Under the reaction conditions, overoxidation of the produced formic acid does not occur. In another recent example, formic acid was produced from biomass-derived sugars using hydrogen peroxide as the oxidant over heterogeneous catalysts.

===Product separation===
Formic acid can be separated from the reaction mixture by means of distillation or extraction.

Distillation of the reaction mixture yields a condensate that is high in water content, since water and formic acid form a high boiling azeotrope. Formic acid is concentrated in the still bottom. If all the volatile compound are distilled, the concentration of the received formic acid is that of the original reaction mixture.

Extraction of formic acid can be effected with several solvents.

| Extracting agent | Partition coefficient | Distribution of catalyst |
|---|---|---|
| Dibutyl ether | 0.59 | Aqueous phase |
| Methylisobutylketone | 0.88 | Aqueous+Organic phase |
| Ethyl acetate | 1.07 | Aqueous+Organic phase |
| Dibutylformamide | 0.98 | Organic phase |

The solvents listed in the table were found to be stable against oxidation by the catalyst.
Only the solvent dibutyl ether leaves the catalyst in the aqueous phase, whereas with dibutylformamide the catalyst is completely extracted into the organic phase.

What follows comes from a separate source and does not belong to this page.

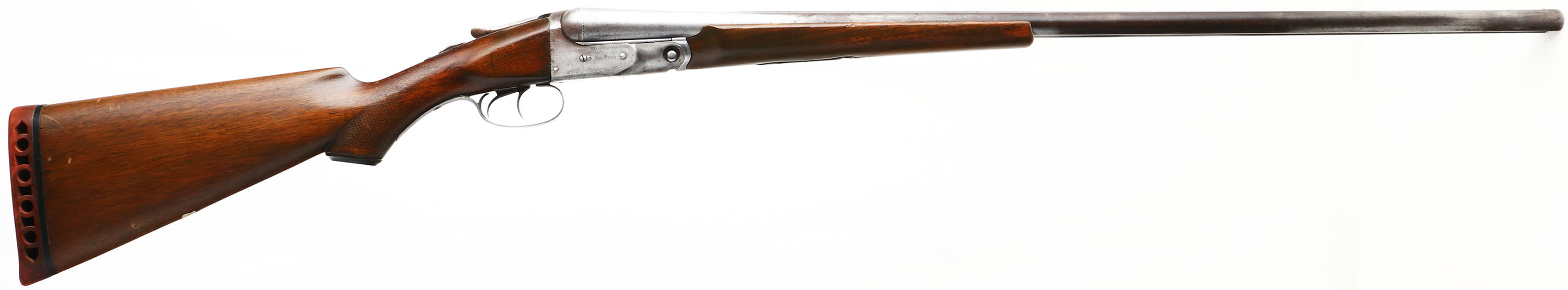 Parker Bros, VH Grade, CAL: 16 GA, MFG: 1910, SN:154917, Break Action SxS Shotgun, 32'' barrels. Extractor, Full/Mod, 1 1/2 Frame, The checkered, capped pistol grip stock & beavertail forend are very good, having been sanded & refinished. There are minor contusions & scrapes, with a few minor cracks; one next to the receiver, one next to the trigger guard, one at the comb & one on the left side of the stock. There is filler where the widows peak part of the buttplate was. The metal finish on the barrels has worn to a mix of metal gray & brown patina, with remnants of blue in the barrel creases. The receiver has worn to mostly metal gray, with spotting toned to brown patina. Bores are excellent. The solid, matted rib holds a single front bead. Stock has a Ranger, ventilated red rubber recoil pad. FFL or C&R Req. - Value: 300 to 600
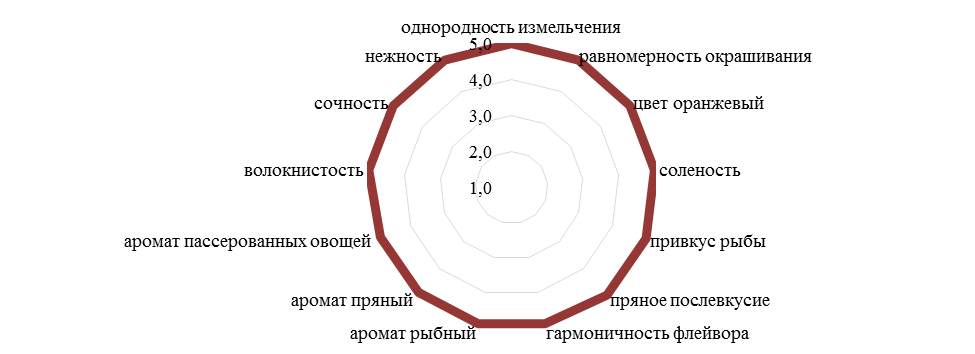 Таким образом, органолептический анализ в рамках ассортимента пастообразной рыбной продукции и риетов на основе вторичных ресурсов осетровых объектов товарной аквакультуры рационально проводить на основе комплексного подхода с использованием разработанных инструментов с целью формирования заданных потребительских свойств и показателей.

===Catalyst recycling and purification===
After most or all of the formic acid is separated from the reaction mixture, the remaining solution contains water, the catalyst, additives and residual formic acid. This solution can be directly recycled to the reaction without loss of performance.

===Potential uses of biobased formic acid===
Formic acid has been considered as a material for hydrogen storage. This process would allow to use bio-based instead of fossil-based formic acid.